Me deslumbró el amor como un maravilloso descubrimiento y también di el más inquietante paso a lo desconocido. Llegué a tu casa con plena inocencia, sin ninguna prevención, con la ingenuidad y el atrevimiento de una niña que quería estar al lado del hombre que ya amaba, como al único. Fui yo quien insistió en acompañarte; quería saber dónde vivías, cómo vivías. Te oponías a llevarme por la modestia –después lo supe– de una vida de carencias económicas que te imprimía sencillez. En ese momento no me importaba el desbalance social, sólo miraba por ti, respiraba por ti, vivía por ti. Fui una loca, lo reconozco, pero te agradezco que me hubieras tratado como a una dama a pesar de la pasión que despertaba en ti, con mi faldita corta de colegiala que no disimulabas en mirar, hasta acariciar con tus ojos mis piernas de porcelana, como lo repetías cerca de mi oído. A mí me gustaba cómo me mirabas, me sentía feliz de ser linda para ti. Eras mi mundo. Lo demás no importaba.
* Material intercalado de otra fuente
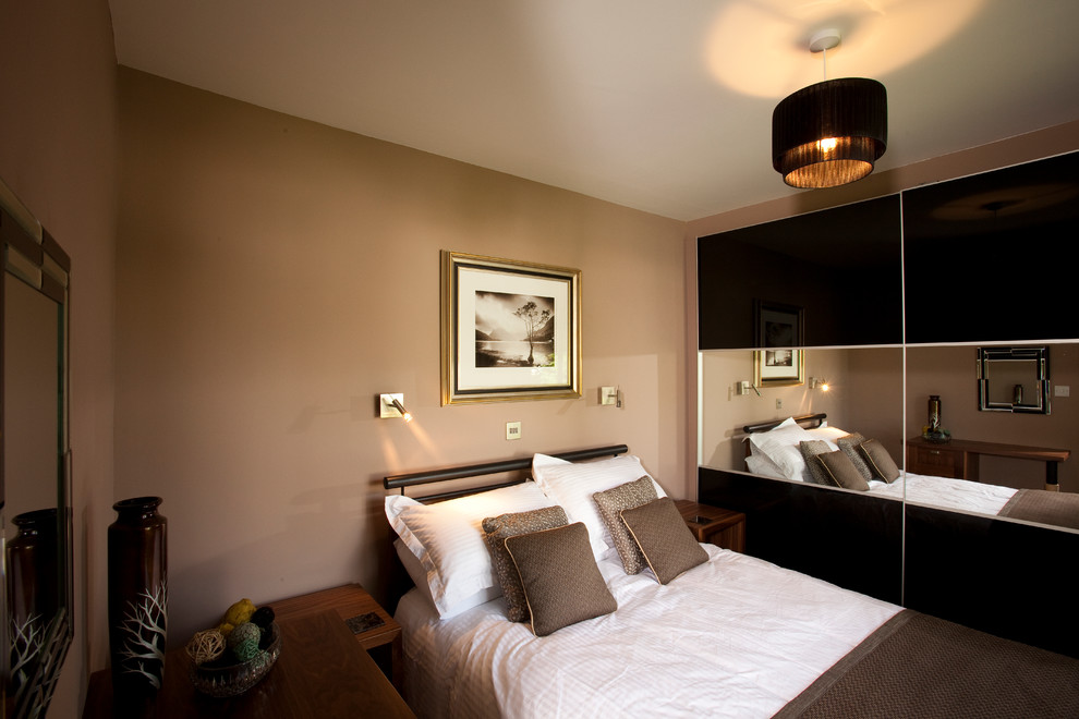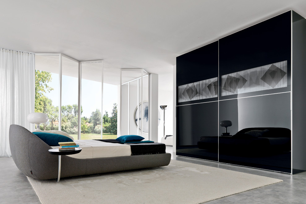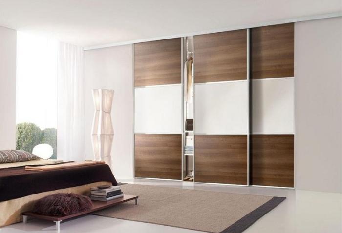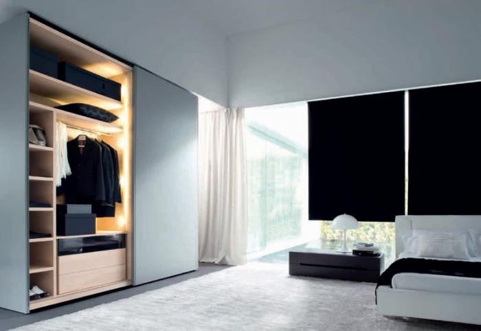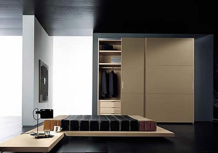 sistema di porte scorrevoli - È necessario tenere conto delle dimensioni ridotte della camera da letto e del suo riempimento con mobili. Di conseguenza, selezionare le dimensioni e la forma del cabinet per questi parametri.

Cuando llegué a tu casa era la amiga del joven y todos me abrieron sus simpatías, rompieron sus reticencias, me observaban como a un personaje de importancia social. Hasta se atrevieron con sus comentarios: “Es linda”, “No parece de aquí”. A esa bienvenida respondí con afecto, con pródigas sonrisas, y llegué a tu refugio compartido con el menor de tus hermanos. Cuando estuve contigo, en tu cuarto, sólo te veía a ti, sentí la inquietud del primer momento. Acariciaste con ternura mis cabellos, bajaste tus manos por mi rostro y me acercaste a tu boca. Sentí un escalofrío, un deseo de irme y quedarme; un miedo y un placer; una mezcla de pasión y represión; una dualidad irreconciliable. Por un momento me pregunté qué hacía allí con un hombre; creo que me entendiste, porque tu beso también fue tierno, intenso, largo... Y me dejé llevar por tus caricias de hombre hasta que empecé a llorar. Si tú hubieras querido ir más allá, hasta el jardín de los amantes, nadie te lo habría impedido. Yo era frágil y seguro habría ido contigo. Por eso empecé a llorar.
“Se presentó un conflicto entre las recomendaciones de mi mamá y mi deslumbramiento por ti”.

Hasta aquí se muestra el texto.